Financially speaking, Irvine is the best-managed large city in the United States, according a Truth in Accounting ranking of the country’s metropolises.
The table below shows the 15 California cities listed by the organization and how they compared to the United States’ largest 75 regions for which data was available when Truth in Accounting completed its analysis. (Newark and Jersey City, both in New Jersey, didn’t have year-end 2019 data available at the time of the study.) The data analyzed in the report is as of year-end 2019, when businesses and consumers were generally doing very well.
Also included in the table is an analysis of the total debt and other obligations each taxpayer would have to pay to cover all the currently outstanding debt and non-funded pension and post-retirement healthcare benefits.
As part of a Jan. 26 report that accompanied its analysis, Trust in Accounting noted that many cities use tricks to get around their balanced-budget rules.
Every city on the list has a law that it must balance its annual inflows and outflows.
Unfortunately, cities often count new debt obligations or increases in debt as a source of inflows. This and other accounting tricks allow city leaders to be imprudent and wasteful while still legally keeping the mandate not to have projected outflows exceed projected inflows when they make their budget analyses.
Other accounting strategies often employed by city leaders include pushing spending into the next fiscal year, not paying for future pension and post-retirement health care benefits as they are incurred, and inflating revenue assumptions.
And even though the stock and bond markets likely helped investment returns in cities’ pension and other accounts funding long-term obligations, city costs have likely skyrocketed at the same time sales tax revenue has likely plummeted as a result pandemic-induced, government-imposed shutdowns of local businesses.
This will have hurt the finances of many municipalities.
In addition to Irvine, California’s Stockton and Fresno also made the top 10 list.
Stockton is much stronger financially than it otherwise would be had its retirees and employees not given up their health care benefits as part of that city’s recent bankruptcy process. Long Beach tax payers would only have had to pay $100 each to retire all of its city obligations at the end of 2019, while Los Angeles taxpayers would have to have paid $4,000 each.

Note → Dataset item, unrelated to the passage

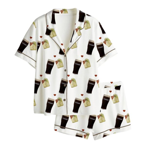- Available in sizes XS to 4XL, this luxurious set features a crisp white satin design adorned with playful Guinness pints and spicy margarita glasses, accented with hearts and lime slices.

Orange County’s Santa Ana and Anaheim had total obligations respectively equivalent to $5,400 and $6,200 per taxpayer. San Diego, which has gone through bankruptcy already, still owed $4,700 per taxpayer at the end of 2019.
Of course, not all debt is created equal.
Debt to improve city services that will likely increase sales tax revenue or allow for higher density housing, which increases property taxes, is an investment in the future. However, when cities increase current expenses and future obligations without paying for them, they can get into a situation where they will be forced into bankruptcy or forced to severely cut city services.